1. Field of the Invention
The present invention relates to a capacitive sensing device capable of measuring various dynamical forces.
2. Description of the Related Art
A capacitive sensing device with a diaphragm is known as a device for measuring various dynamical forces. The device comprises a silicon substrate and a glass substrate. The diaphragm is formed by etching the silicon substrate with micromachining. The diaphragm can be deformed according to the various dynamical forces to be measured, such as pressure or acceleration. The glass substrate is disposed close to and separated by a small gap from the silicon substrate provided with the diaphragm so as to form a sensing capacitor. When the dynamical force is applied to the diaphragm, the diaphragm is deformed and a capacitance of the sensing capacitor varies. Accordingly, the dynamical force can be estimated through the measurement of the capacitance of the sensing capacitor. The sensing capacitor is inserted in an oscillation circuit to determine a frequency of an oscillation pulse signal. The capacitance of the sensing capacitor is measured by a frequency value of the oscillation pulse signal. That is, the capacitance is converted into the frequency value by a capacitance-frequency converter (c-f converter) and the frequency value of the oscillatory pulse signal output from the c-f converter is measured by a counter.
This known capacitive sensing device, however, has problems that the silicon substrate and the glass substrate joined to the silicon substrate are strained due to differences in thermal expansion coefficient between silicon and glass, and as a result, an output signal level of a CMOS circuit which is included in the c-f converter drifts with a temperature variation. Consequently, the frequency of the oscillatory output of the c-f converter varies according to temperature (temperature drift of the zero point) even if the dynamical force remains constant as a reference force, and a rate of a frequency deviation to a deviation of the applied dynamical force varies with a temperature variation (temperature drift of the sensitivity). Thus there occurs measuring errors in the measurements of the dynamical force.

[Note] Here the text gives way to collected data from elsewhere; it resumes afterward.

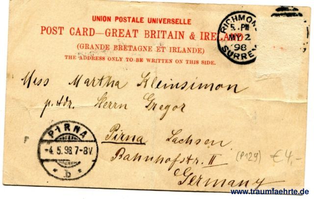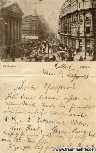 – Details – Jahr: ca. 1895 Status: gelaufen 1898, Briefmarke entfernt Beschriftung vorne: Cheapside. London. Beschriftung hinten: Union Postale Universelle, Post Card – Great Britain & Ireland, (Grande Bretagne et Irlande), The address only to be written on this side. Stempel: 2x Richmond, Surrey, 5. Pm MY 2 98; Pirna, b, -4.5.98.7-8V. Hinweis:
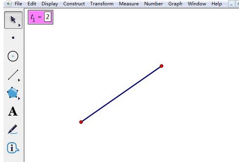 打开几何画板,单击左侧侧边栏的工具箱中的“线段直尺工具”,用鼠标在画板工作区域单击一下确定线段的一个端点,然后拖动鼠标在适当位置再次单击鼠标,从而任意绘制一条线段,如下图所示。
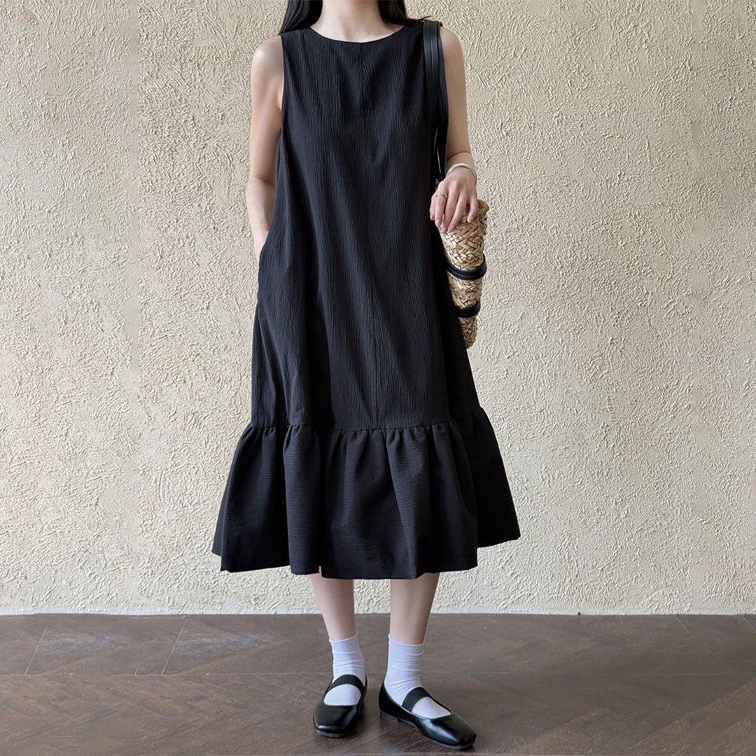 【ワンピース】夏 フリル ノースリーブ 合わせやすい ワンピース【JZシリーズ】
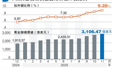 【明報專訊】根據中國人民銀行最新官方儲備數據顯示,以...
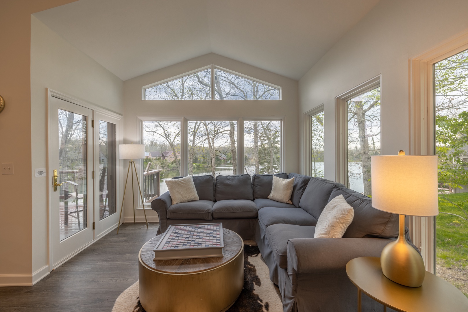 Enjoy your stay in this upscale home with stunning indoor and outdoor views of Lake Charrette
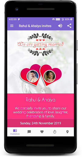 আপনি যদি এই অ্যাপ্লিকেশনে পৌঁছেছেন তবে আপনি সম্ভবত আপনার বিয়ের জন্য আপনার সম্পর্ক এবং বন্ধুদের আমন্ত্রণ জানাতে নতুন কিছু খুঁজছেন। আমরা বিবাহের দম্পতিতে এই সেবা প্রদানের জন্য বাজারে প্রথম।

A temperature compensation method disclosed in Japanese Patent Laid-open (Kokai) No. Hei 2-130014 employs an oscillation circuit where a driving voltage is designed so as to minimize the frequency shift for the temperature variation. FIG. 5 shows a capacitance detecting circuit employing a Schmidt trigger circuit and capable of temperature compensation. The temperature drift of frequency of the output of this capacitance detecting circuit can be reduced to a minimum when it is driven by a suitable driving voltage V.sub.DD. FIG. 6 shows a relation between the frequency of the output signal and the driving voltage for different temperatures. Although the foregoing known capacitive sensing device is capable of temperature compensation of an offset value, i.e., a zero point, of a detection value, it is incapable of temperature compensation of the sensitivity. Even in the temperature compensation of the zero point, a curve representing the compensated zero point temperature characteristic, i.e., a curve representing a rate of the frequency deviation of the output signal for a temperature when no pressure is applied to the capacitive sensor, is flat only in a narrow temperature range, so that the temperature compensation of the frequency of the output is possible only in a narrow temperature range.